|Publication number||US6606552 B2|
|Application number||US 10/158,755|
|Publication date||Aug 12, 2003|
|Filing date||May 30, 2002|
|Priority date||Nov 30, 1999|
|Also published as||EP1234108A1, EP1234108B1, US20020173902, WO2001040643A1|
|Publication number||10158755, 158755, US 6606552 B2, US 6606552B2, US-B2-6606552, US6606552 B2, US6606552B2|
|Inventors||Michael Haimerl, Wolf-Dieter Pöhmerer, Hans-Jürgen Reichl, Ulli Christian Sagmeister, Markus Teiner|
|Original Assignee||Siemens Aktiengesellschaft|
|Export Citation||BiBTeX, EndNote, RefMan|
|Patent Citations (15), Referenced by (22), Classifications (18), Legal Events (6)|
|External Links: USPTO, USPTO Assignment, Espacenet|
This application is a continuation of copending International Application No. PCT/DE00/04242, filed Nov. 28, 2000, which designated the United States and was not published in English.
Field of the Invention
The invention relates to a control device for final control elements of an internal combustion engine, a control unit for actuator drives of an internal combustion engine, and a method for controlling an internal combustion engine.
Prior art control devices for final control elements of internal combustion engines generate, inter alia, control signals for controlling final control elements and control commands for actuating actuator drives, the control signals and control commands for controlling final control elements being dependent on at least one measured variable such as an accelerator pedal value or the rotational speed.
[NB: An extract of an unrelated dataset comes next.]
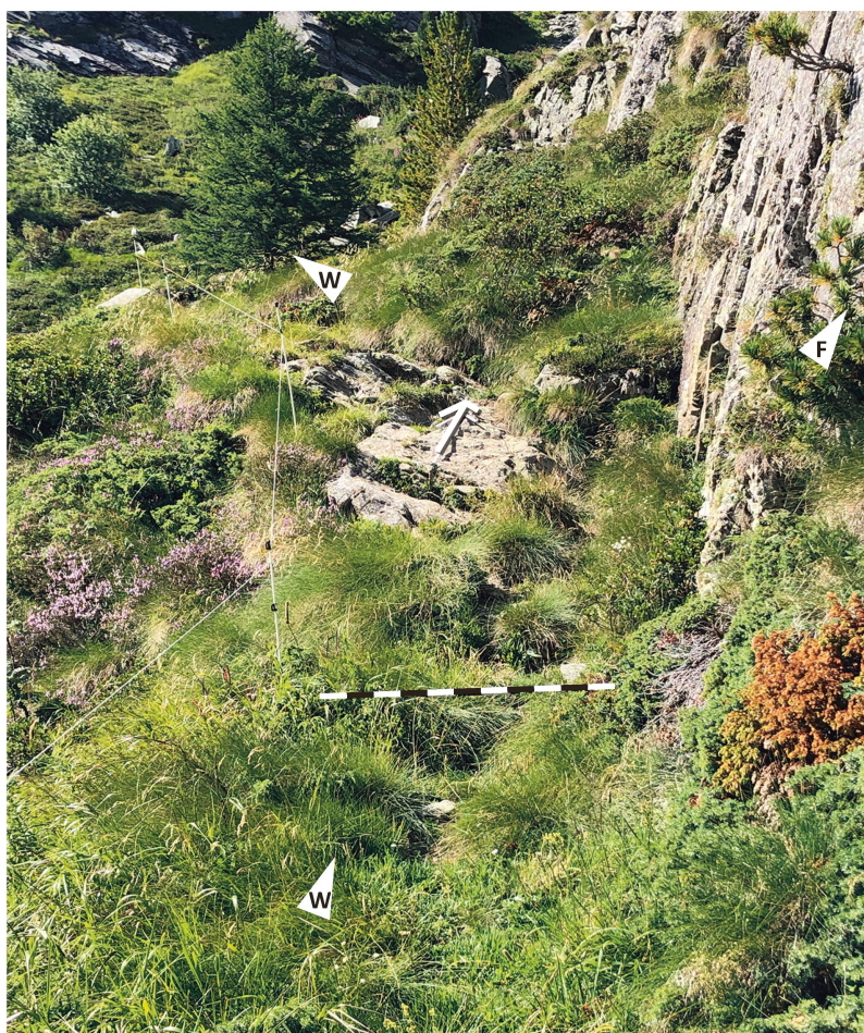
Abb. 110: Bregaglia. Casaccia – Val Maroz (Stelle 13.3). In der Fortsetzung der Stelle 13.2 durchquert der alte Weg den Südosthang praktisch horizontal. D Hangdurchquerung. F Felsrippe bei Stelle 13.2. L linke Talseite am Alpascellabach mit sehr markanter Stelle 13.1. Blick nach Südosten.

Wenn wir mit der Begehung unten anfangen, so stellen wir fest, dass der jetzige, beim Kraftwerkbau erstellte Alpweg das älteste Wegtrassee durchschnitten hat. Da der Hang steil ist, ist der Schaden so gross, dass unterhalb des neuen Weges keine Spuren älterer Wege auszumachen sind. Oberhalb aber ist ein eindeutiges, wunderbares, gegen den Bach hin steigendes Trassee gut zu erkennen. Teilweise ist es etwas zugeschüttet, teilweise abgerutscht, aber es führt unmissverständlich zum nächsten Rücken (Stelle 13.1), nach dem Rücken zum Alpascellabach, immer weniger greifbar. Unmittelbar nach der Bachüberquerung präsentiert sich ein wunderbar steigender Weg, welcher dann kurz fallend um die folgende Felsrippe (Stelle 13.2, Abb. 109 ) führt. Darauf durchquert er den Südosthang praktisch horizontal. Heute noch stellt der Hirt den Viehzaun unbewusst auf den ehemaligen Weg (Stelle 13.3, Abb. 110 ). Nun geht es rechts um die Ecke in den Südwesthang, welcher zum höchsten Punkt steigend, gequert wird (Stelle 13.4, Abb. 111 ). Dieser Weg muss ab hier fallend, möglicherweise dem heutigen Trassee entsprechend, zum Pass-/Alpweg von 1805 geführt haben.

The final control elements can be driven by actuator drives. For the actuator drives, to a certain extent control units are provided that generate actuating signals for the actuator drives of the internal combustion engine as a function of the control commands of the control device. Both the control device and the control unit have one communications interface each, to which a bus, for example, the CAN bus, can be connected. The control device can then transmit the control commands through the interface and the bus to the control unit that then carries out the corresponding control functions. Such control commands may, for example, include the crankshaft angle at which charge cycle valves are to be opened or closed.
U.S. Pat. No. 5,201,296 to Wunning et al. discloses an internal combustion engine in which the valves and injection processes are controlled as a function of a signal of a crankshaft angle sensor such that control processes are triggered as a function of the position of the crankshaft.
The prior art includes transmitting the control commands segment-synchronously onto the bus. A segment is defined by the distance between two successive dead center points of the pistons of two cylinders that directly follow one another in the ignition sequence. Here, the control command contains setpoint crankshaft angles that are each related to the top dead center during the ignition of the respective cylinder. The control commands are, therefore, always related to the respective crankshaft angles. Such a relationship has the disadvantage that the reference base for the crankshaft angle of each cylinder is different and depends on the number of clock cycles of the working cycle. In addition, control commands can also be transmitted only for the time horizon of a working cycle because, beyond it, the crankshaft angle is no longer unambiguous.
It is accordingly an object of the invention to provide a control device for final control elements of an internal combustion engine, a control unit for actuator drives of an internal combustion engine, and a method for controlling an internal combustion engine that overcomes the hereinafore-mentioned disadvantages of the heretofore-known devices and methods of this general type and that ensures easy operation of the internal combustion engine in different operating modes with unchanged control commands.
With the foregoing and other objects in view, there is provided, in accordance with the invention, a control device for final control elements of an internal combustion engine having sensors sensing at least one measured variable, an incremental crankshaft angle sensor having an increment number and supplying a measurement signal having pulses, final control elements, actuator drives connected to the final control elements, and a control unit having a synchronizer for synchronizing counters and a control unit counter with a counter reading, the control unit at least in part driving the final control elements with the actuator drives, the control device including a control command generator connected to the actuator drives and controlling the actuator drives as a function of the at least one measured variable, the generator generating control commands with setpoint counter readings for execution of control functions of the engine, a communications interface for exchanging messages with the control unit, the interface connecting the control command generator to the control unit, a revolving counter independent of the control unit counter and having a counter reading dependent upon parameters including the pulses of the measurement signal of the crankshaft angle sensor and independent from the increment number of the crankshaft angle sensor during a working cycle of the engine, the counter reading of the revolving counter and the counter reading of the control unit counter synchronized through the synchronizer of the control unit, and the counter reading of the control unit counter being dependent upon the parameters.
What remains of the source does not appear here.